Позади, в соснах, нудно гудел ветер, впереди таилась, молчала заброшенная усадьба. За ней угадывалась холодная ширь Волги.
Лагутин вынул из колодки маузер. Бойцы, рассыпавшись в цепь, сняли винтовки с плеч, ждали приказа. Посоветовавшись с комиссаром, командир отряда решил рискнуть — атаковать усадьбу, попытаться застать офицеров врасплох.
Он первым молча побежал к усадьбе. Слышал, как за ним, подковой охватывая дом, бегут красноармейцы.

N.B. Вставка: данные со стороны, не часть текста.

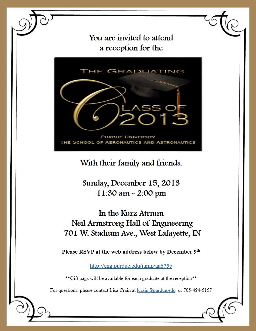 You are invited to attend the reception for the Graduating Class of 2013. Please RSVP by December 9th - details below

До крыльца оставалось метров двадцать, когда сверху послышался звон разбитого стекла, крик и из окна мансарды ударил пулемет. Пули просвистели над головой Лагутина, фонтанчиками взметнули песок впереди — и резкая боль обожгла ногу. Споткнувшись, командир рухнул на землю. Он видел, как кто-то обогнал комиссара, показалось — это был Игнат. Попытался встать, но левая нога, как чужая, подломилась, и он уткнулся в траву, чувствуя, как сапог наливается горячей кровью.
После боя Варкин зашел в капитанскую каюту, где лежал раненый Лагутин. Его уже перевязали, накрыли шинелью. Кость ноги была не задета, но крови Лагутин потерял много, мучила жажда. Молоденький матрос в тельняшке поил его чаем из котелка. Увидев комиссара, оставил их вдвоем.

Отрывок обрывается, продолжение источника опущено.